-- What to do --
The task calls for the lines from the start of the entries below through the line with "Este código se", given again verbatim, with every picture dropped.

════════════════

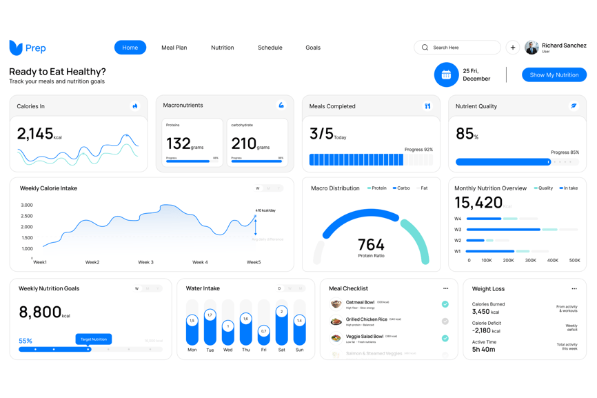 这款现代化的营养和膳食计划仪表盘用户界面概念设计用于移动和网络应用程序,具有卡路里跟踪、宏量营养素分析、进度图表和关键健康指标等功能。
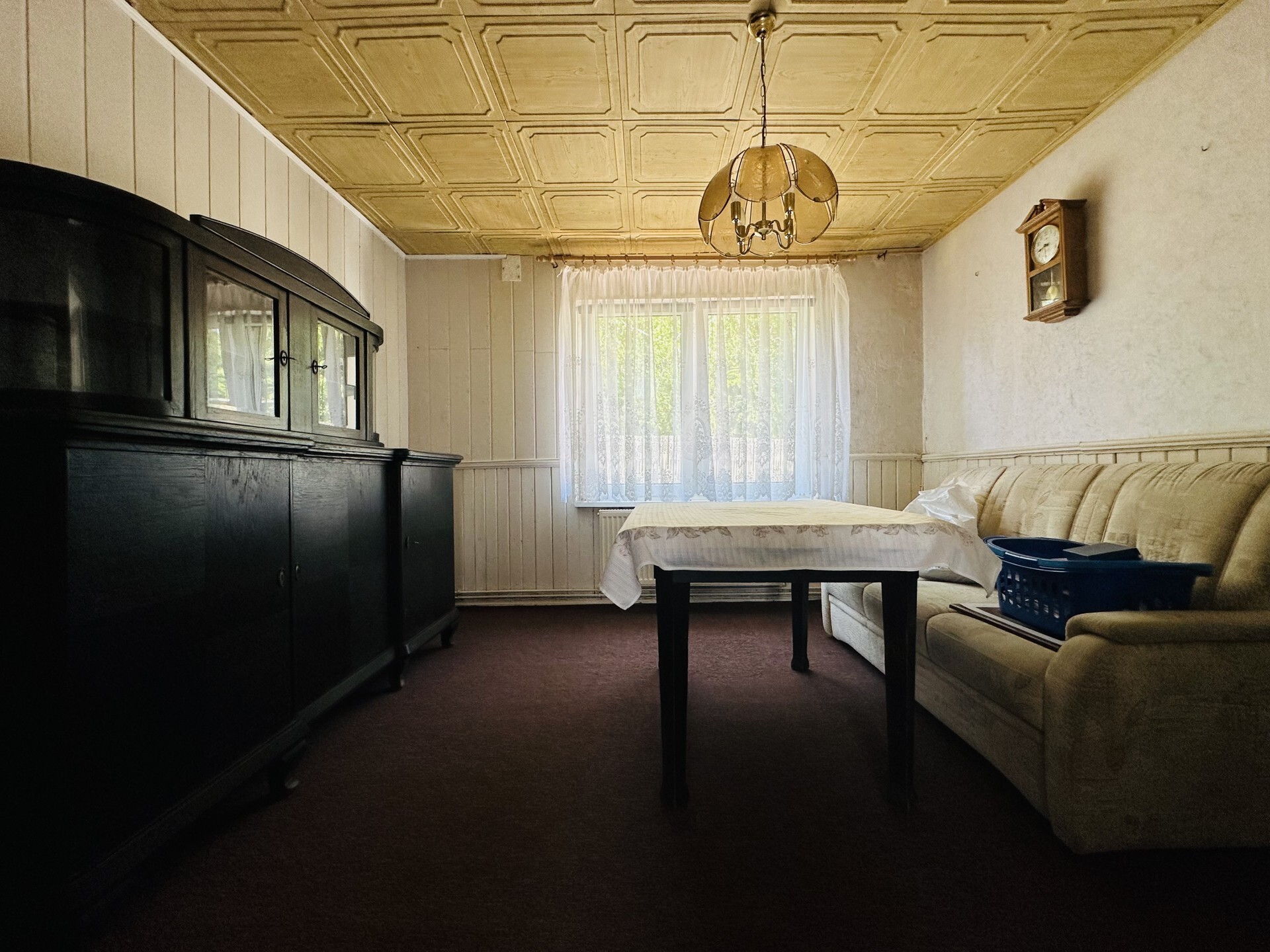 Die Wohnfläche umfasst etwa 90 m² und verteilt sich auf vier Zimmer. Die Küche ist das Herzstück des Hauses und verbindet den Flur, ein separates Zimmer, das Durchgangszimmer sowie den Außenbereich miteinander. Zwei Räume sind mit traditionellen Kachelöfen ausgestattet, zusätzlich sorgt eine 2013 erneuerte Gaszentralheizung für Wärme. Auch sind bis auf in der Küche und im Bad, bereits doppelverglaste Kunststofffenster eingesetzt worden.
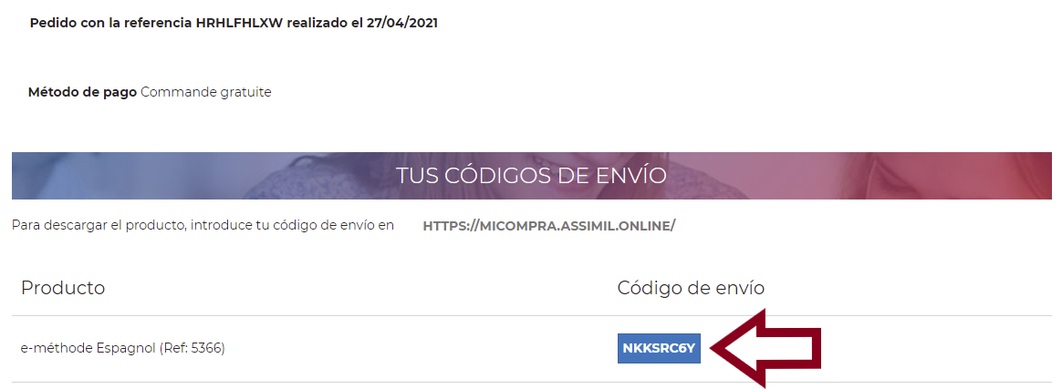 Este código se registrará en el sitio web https://micompra.assimil.online.
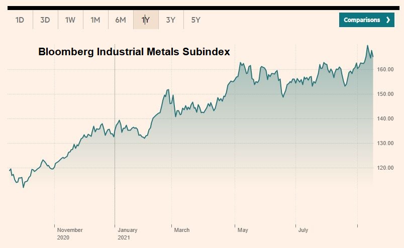The prices of the Bloomberg Industrial Metal Index may be driven by the desire to curb CO2 emissions (aluminium) and/or by expectations of increased battery demand. I’m curious about the Chinese Financials vs China ratio, how is that made up? If the multiples of the entire Chinese market have been brought down due to the tech sector crackdowns (and the expectation that the government will step in once a company grows too big too fast) – wouldn’t that automatically result in a low multiple sector like financials holding up better relative to the market?
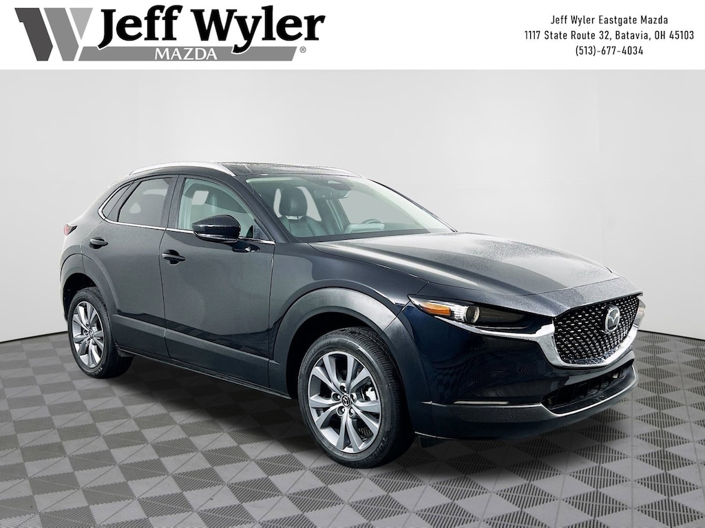Jeff Wyler Eastgate Auto Mall is pleased to offer this gorgeous 2025 Mazda CX-30 2.5 S Preferred Package in Jet Black Mica. Well equipped with: 4-Wheel Disc Brakes, 6 Speakers, ABS brakes, Air Conditioning, Alloy wheels, AM/FM radio, AppLink/Apple CarPlay and Android Auto, Auto High-beam Headlights, Automatic temperature control, Brake assist, Bumpers: body-color, Compass, Delay-off headlights, Driver door bin, Driver vanity mirror, Dual front impact airbags, Dual front side impact airbags, Electronic Stability Control, Emergency communication system: Mazda Connected Services (3-year trial subscription included), Exterior Parking Camera Rear, Frameless Auto-Dim Mirror w/HomeLink, Front anti-roll bar, Front Bucket Seats, Front Center Armrest, Front dual zone A/C, Front reading lights, Front wheel independent suspension, Fully automatic headlights, Heated door mirrors, Heated Front Bucket Seats, Heated front seats, Illuminated entry, Knee airbag, Leather Shift Knob, Leather steering wheel, Leatherette Seat Trim, Low tire pressure warning, MAZDA CONNECT Infotainment System, Memory seat, Occupant sensing airbag, Outside temperature display, Overhead airbag, Overhead console, Panic alarm, Passenger door bin, Passenger vanity mirror, Power door mirrors, Power driver seat, Power moonroof, Power steering, Power windows, Radio data system, Radio: AM/FM Audio System, Rain sensing wipers, Rear seat center armrest, Rear side impact airbag, Rear window defroster, Rear window wiper, Remote keyless entry, Speed control, Speed-sensing steering, Split folding rear seat, Spoiler, Steering wheel mounted audio controls, Tachometer, Telescoping steering wheel, Tilt steering wheel, Traction control, Trip computer, Turn signal indicator mirrors, Variably intermittent wipers, Wheel Locks, and Wheels: 18" x 7J Aluminum Alloy. Clean CARFAX. Certified. Mazda Certified Pre-Owned Details: * Includes Autocheck Vehicle History Report with 3 Year Buyback Protection. 3 month SiriusXM trial subscription. * Warranty Deductible: $0 * 160 Point Inspection * Powertrain Limited Warranty: 84 Month/100,000 Mile (whichever comes first) from original in-service date * Roadside Assistance * Vehicle History * Transferable Warranty * Limited Warranty: 12 Month/12,000 Mile (whichever comes first) after new car warranty expires or from certified purchase dateAsk about available certifications. Used vehicles 10 years of age or newer with less than 100,000 miles are eligible for the Wyler Assurance Program, but eligible vehicles must pass our reconditioning process and multi-point inspection. Provided the vehicle passes inspection, vehicles will be eligible for the 6 month/6,000 mile limited warranty. The 6 month/6,000 mile limited warranty is NOT available on AS-IS vehicles, wholesale vehicles, lease buyback/pass-thru vehicles or un-inspected vehicles. Note that this program can also apply to vehicles where the remaining factory coverage is less than 6 months or 6,000 miles. Please check the Federal Trade Commission (FTC) Buyers guide on the vehicle for full details as to whether or not warranty coverage may apply. Contact Dealer for additional details. The Wyler Assurance 6 month/6,000 Mile limited warranty ends 6 months from the date of the Retail Purchase Agreement (BUYERS ORDER) or when the vehicle's odometer registers 6,000 additional miles to the mileage listed on the BUYERS ORDER, whichever comes first. Your Deductible - The warranty holder on your contract pays the first $100 of each covered repair.
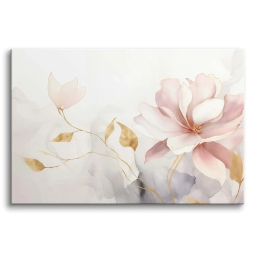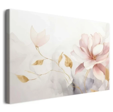 Przedstawia on delikatne, rozkwitające różowe kwiaty, muśnięte luksusowymi złotymi akcentami, tworząc kompozycję pełną romantyzmu i blasku. Ten stylowy wydruk na płótnie to doskonały sposób, aby wnieść do Twojego domu atmosferę luksusu i subtelnej gracji, idealnie komponując się zarówno w przytulnej sypialni, jak i reprezentacyjnym salonie.

════════════════

-- Solution --
 这款现代化的营养和膳食计划仪表盘用户界面概念设计用于移动和网络应用程序,具有卡路里跟踪、宏量营养素分析、进度图表和关键健康指标等功能。
 Die Wohnfläche umfasst etwa 90 m² und verteilt sich auf vier Zimmer. Die Küche ist das Herzstück des Hauses und verbindet den Flur, ein separates Zimmer, das Durchgangszimmer sowie den Außenbereich miteinander. Zwei Räume sind mit traditionellen Kachelöfen ausgestattet, zusätzlich sorgt eine 2013 erneuerte Gaszentralheizung für Wärme. Auch sind bis auf in der Küche und im Bad, bereits doppelverglaste Kunststofffenster eingesetzt worden.
 Este código se registrará en el sitio web https://micompra.assimil.online.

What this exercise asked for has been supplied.